Nio has international credentials. Li noted that as well as being listed in New York, more than three-quarters of the company’s investors came from outside China.
His criticism of US protectionism highlights the uncertainty over foreign market access for Chinese companies, just as a clutch of rising EV makers, including BYD, Xpeng and Li Auto, are aggressively expanding overseas.
Exports have become increasingly important for Chinese EV companies. The domestic car market — the world’s biggest — has been extremely competitive since Musk sparked a price war last year in a bid to chase market share.
Last week, Nio joined a group of Chinese carmakers and Tesla in a pledge to enhance “core socialist values” and compete fairly after Beijing directed the industry to rein in the months-long price war.
However, access to the US is complicated by high tariffs on vehicles from China. There is also uncertainty over access to subsidies and the treatment of Chinese-branded vehicles and China-made EV components under Joe Biden’s Inflation Reduction Act, which is aimed at boosting domestic manufacturing and cutting American economic dependency on China.
“Chinese consumers have a wide range of [new energy vehicles] to choose from. Why can’t these products be enjoyed by US consumers as well?” Li said.
While Nio has yet to export a single car to the US, it faces growing competition at home. The company delivered 23,520 vehicles in the second quarter in China. Its share in the domestic market for pure electric cars and plug-in hybrids shrank to 1.3 per cent from 2.3 per cent in the first quarter.
Nio recorded a net loss of $699.5mn and a gross margin of 1.5 per cent in the first three months of the year, compared with a loss of $281.2mn and a margin of 14.6 per cent in the first quarter of 2022. Following analyst criticism of its cash burn rate as it tried to boost sales, the company secured a $740mn investment in June from Abu Dhabi-backed CYVN Holdings.
Li’s call for improved US market access comes as China is expected to overtake Japan as the world’s biggest car exporter this year after taking the second spot from Germany last year.
Given the barriers to selling cars to Americans, Nio and its fellow Chinese EV makers are focusing their efforts on Europe, where new emissions rules are incentivising a rapid switch to EVs from the internal combustion engine.
Nio last year began deploying battery swap stations across the region, where vehicles batteries can be removed and swapped out for fresh ones instead of recharged in a process that takes just minutes.
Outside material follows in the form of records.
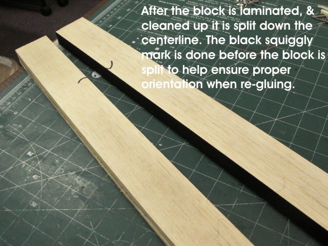 After the glue has dried remove the block from the clamps. This is the point where you need to have access to some wood shop machinery. You need to square up and clean the rough parts and dried glue off the sides and top of the block. Once the block has been trued up you need to mark one end of the block with a pencil across the centerline.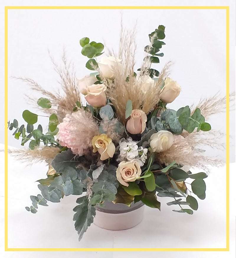 Featuring beige Pampas Grass, beige and white Roses, Baby Eucalyptus, Silver Dollar Eucalyptus, white Stocks, and golden Salal leaves (Gaultheria Shallon).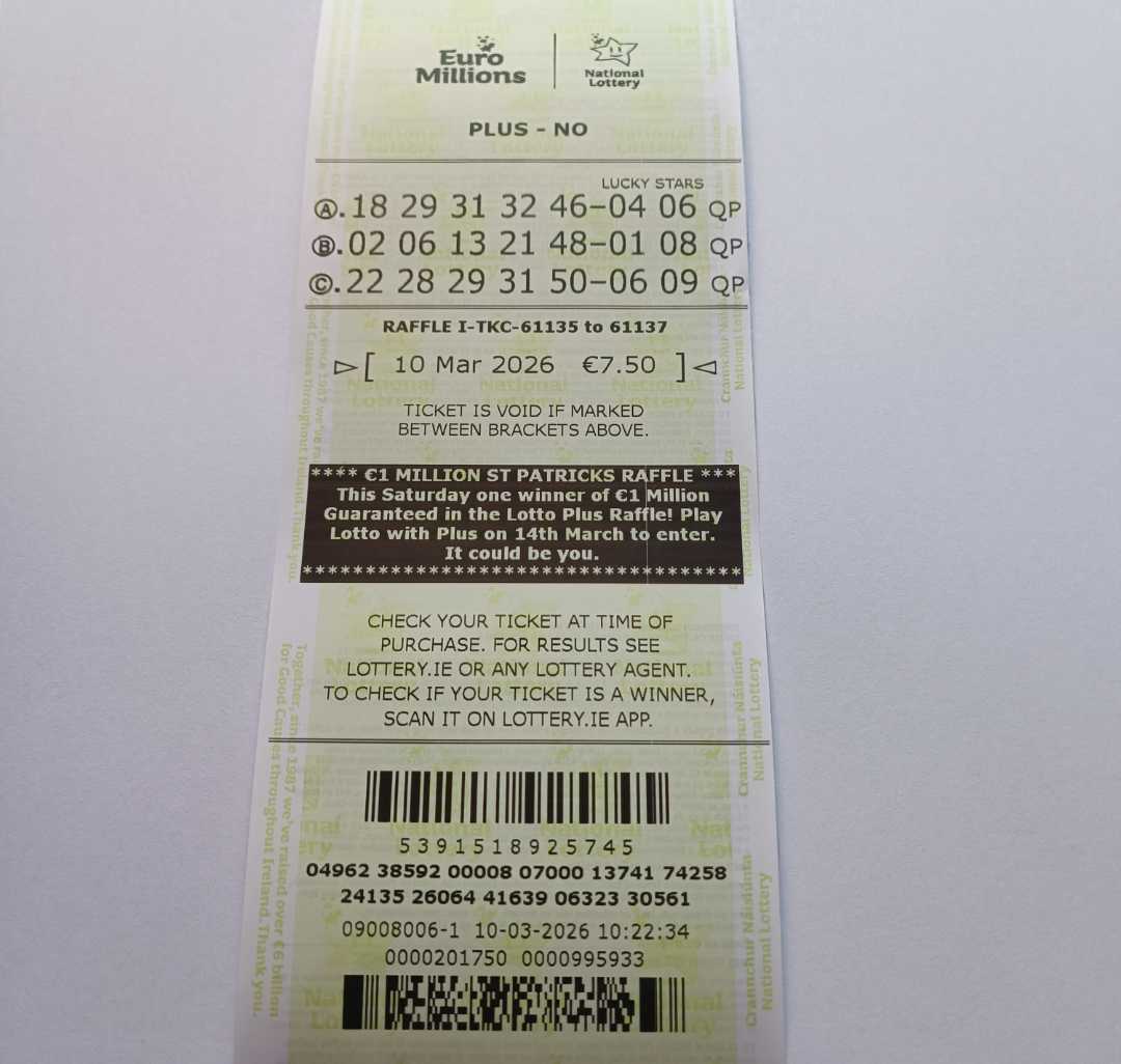 For wins over €10,000, we will have to meet at the National Lottery Claims Department.

It is targeting close to 1,000 such stations by 2025.
Li is betting that technology and services will be a key point of difference from legacy carmakers, which are already struggling to keep up with Tesla. Among premium services popular with middle-class Chinese consumers are free designated drivers and shared office spaces, as well as free repairs.
Li also hit back at perceptions that the company’s success in China — and the decline of some foreign rivals — has been driven by rising patriotism among younger Chinese consumers.
“Chinese consumers are just like consumers everywhere around the world, they focus on quality,” he said, warning that foreign brands failing to keep pace with Chinese innovation would end up in a “dangerous situation”.